Os 60 anos de Michael Jackson: ele era um “cara diferente”
O fenômeno Michael Jackson não se reduziu a um mero produto empacotado pela indústria cultural.
É noite e um carro para na estrada deserta. O rapaz explica à garota que a gasolina acabou. Ela sabe que isso é mentira, mas se finge de tola porque está visivelmente apaixonada.
— O que vamos fazer agora? — diz a moça, insinuante.
Em vez do tão esperado beijo, os dois saem à procura de ajuda. O rapaz caminha em silêncio. A garota não gosta disso, tenta puxar assunto. Param no meio da floresta.
Ele, sério:
— Preciso te dizer uma coisa.
Ela (será que vai me beijar agora?):
— Diga o que quiser. Sou toda ouvidos.
— Sabe que gosto de você, não sabe?
— Sim, eu sei.
— Que bom. Espero que goste de mim do mesmo jeito.
— Claro que gosto. Gosto muito. Gosto demais.
Os dois se abraçam, mas nada de beijo. O rapaz tira alguma coisa do bolso. É uma espécie de anel de noivado, que põe no dedo dela.
— Agora você vai ser a minha garota. Mas primeiro tenho uma revelação a fazer.
— Faça, meu bem. Pode se abrir comigo.
— Eu não sou como os outros rapazes.
— Claro que não. É por isso que eu te amo.
— Você não está entendendo. Sou um cara diferente.
— Diferente? Do que está falando?
Antes da resposta, um vento impetuoso sopra as nuvens que até então bloqueavam a claridade da lua cheia. O rapaz sente engulhos, geme e cai aos pés da moça.
— O que houve? — diz ela. — Você está bem?
— Ah! — exclama ele, agora com olhos brilhantes e voz cavernosa.
A garota grita, mas é tarde. Diante de nossa incredulidade, o “cara diferente” passa por uma horrível metamorfose. Torna-se lobisomem e começa a perseguir a mocinha por entre as árvores e as sombras. Ao que tudo indica, irá matá-la, esquartejá-la e dilacerá-la.
Só quem mora em Marte não assistiu ao videoclip acima. É a abertura de Thriller, a marca registrada de Michael Jackson, a quintessência do que sua música representa para o mundo.
No momento mais brilhante de sua carreira, o rei do pop fez questão de mandar uma mensagem subliminar a todos os seus súditos.

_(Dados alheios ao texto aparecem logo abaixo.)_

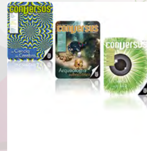
Portadas de las Revistas Conversus cuyas editoriales fueron premiadas

Chamou atenção para o fato de ser “um cara diferente” antes de se transformar naquela criatura branca e sem nariz que semanalmente aparecia nas revistas de fofoca. Os fãs não tiveram melhor destino. Surpresos com o excesso de plásticas e as histórias de pedofilia, acabaram encarnando a mocinha que desejava um beijo. Foram simbolicamente assassinados, esquartejados e dilacerados.
Doeu em todo mundo. É que o fenômeno Michael Jackson não se reduziu a um mero produto empacotado pela indústria cultural. A despeito dos escândalos e dos fracassos que pesaram sobre o bizarro Peter Pan, muitos passaram a última década lamentando a sua morte. Desde o seu passamento, a sua imagem acumulou um “ganho” extraordinário: Michael morreu como curiosidade e ressuscitou como artista.
Do além-túmulo, o rei do pop recuperou sua majestade.